Amiante. Le rapport de l’Anses publié avant les fêtes, consacré à la toxicité des fragments de clivage, utilisés notamment de manière fortuite pour produire des granulats, laisse entrevoir un élargissement du champ de repérage.

Faudra-t-il étendre le repérage à de nouveaux minerais, au-delà des six types d’amiante aujourd’hui réglementés ? La perspective n’est peut-être pas si incongrue, si l’on en croit le dernier rapport de l’Anses publié mi-décembre, sur la toxicité des fragments de clivage (lire définition ci-contre). Ce copieux rapport (plus de 200 pages) semble ouvrir des perspectives quasi infinies en matière de repérage et de traitement de l’amiante.

A force de chercher, on a fini par trouver de l’amiante où on ne s’y attendait pas. Depuis vingt ans, le repérage s’intéresse essentiellement aux produits manufacturés. Là, où il existe une traçabilité, là où on sait que l’amiante, le chrysotile en particulier, a volontairement été introduit pour ses vertus aussi multiples que variées.

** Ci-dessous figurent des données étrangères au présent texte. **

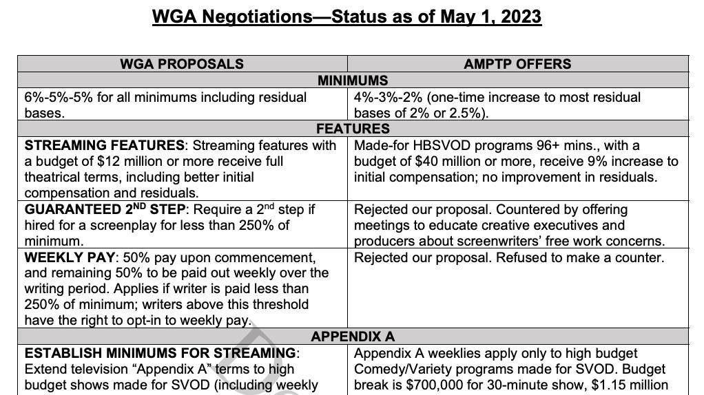5月20日起,美国编剧工会(WGA)和外国电影电视制片人协会(AMPTP)开始就流媒体时代编剧的收入和生存问题进行谈判。WGA目前拥有超过11,500名会员,AMPTP代表350多家影视制作公司的利益,包括Netflix、苹果、迪士尼、NBC环球和派拉蒙。每三年,双方就编剧收入等问题进行协商,并签署新的合作协议。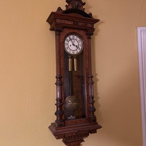 Antikt vægur fremstillet i træ med pendul. Uret har en rund urskive med sorte tal og visere. Designet til vægophæng.

Suivant cette logique, on en est venu à repérer l’amiante dans les enrobés routiers où le minerai avait été introduit de 1970 à la moitié des années 1990, notamment pour prévenir les nids de poules. Non seulement, on a bien trouvé du chrysotile, mais les laboratoires ont aussi identifié des fragments de clivage, en provenance des carrières exploitées durant des décennies pour produire des granulats. Pour le coup, leur présence n’avait rien de volontaire. Comment traiter ces fragments de clivage ? Toxiques ? Non toxiques ? Et comment les distinguer à coup sûr de leurs homologues asbestiformes ? La double-question s’est posée dès 2013-2014, avec l’explosion des carottages routiers dans le sillage de la circulaire du 15 mai 2013 réclamant une cartographie du réseau national non concédé.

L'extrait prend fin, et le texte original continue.